Description Xylans are key components of plant cell walls and one of the most abundant biopolymers on earth. They differ in grasses from other plants (grasses include the most important food crops, wheat, rice and maize, as well as pasture species).The key difference of grass xylan is the addition of arabinose to the polymer backbone. In the work in this grant, we have discovered that wheat and rice genes in the GT61 gene family are responsible for this step. This breakthrough was published in PNAS and has been added to the faculty of 1000 of papers in top 2% of importance.
Exploitation Route As a result of the research in this grant, we expect wheat varieties to be developed in the next few years with improved properties. Wheat varieties used for non-food will have fewer problems associated with viscosity. The research will also accelerate the development of wheat varieties with high dietary fibre with improved health benefits for food. In the longer term, improved varieties of grass crops for biofuel and for ruminant nutrtion are likely. 1. Since we have discovered genes which alter the structural properties of arabinoxylan (AX) in wheat grain, we can tailor these genes to different end uses of wheat grain. For non-food uses, it is desirable to decrease soluble AX and this is subject of a patent application. For food uses, we intend to increase AX (dietary fibre) using natural variation.

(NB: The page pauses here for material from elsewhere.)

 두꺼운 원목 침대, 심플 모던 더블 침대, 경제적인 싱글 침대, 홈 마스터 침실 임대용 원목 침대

2. Xylan is key to biomass digestibility. Therefore, the genes we have discovered are likely to prove important targets for increasing digestibilty of grass biomass for biofuel and ruminant feed.

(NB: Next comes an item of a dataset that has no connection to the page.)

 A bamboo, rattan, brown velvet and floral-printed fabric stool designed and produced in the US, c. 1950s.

Sectors Agriculture, Food and Drink

 
Description Yes. Genes identified have been used in follow-on project BB/K010824/1 to develop new wheat varieties carrying novel alleles in these. Also knowledge is used in identification of alleles underlying QTLs for high dietary fibre in collaboration with industry.
First Year Of Impact 2014
Sector Agriculture, Food and Drink
Impact Types Economic

 
Title A METHOD FOR DECREASING THE VISCOSITY OF FLOUR 
Description The present invention relates to a method for decreasing the viscosity of flour by decreasing soluble arabinoxylan content in a wheat grain, the method comprising reducing expression of Ta GT43_2, Ta GT47_2 or Ta GT61_1 in a wheat plant and wheat grains produced by said method. 
IP Reference WO2012143520 
Protection Patent granted
Year Protection Granted 2012
Licensed Commercial In Confidence
Impact Collaboration with wheat breeding company Limagrain which has led to follow-on award and Agrticech awards.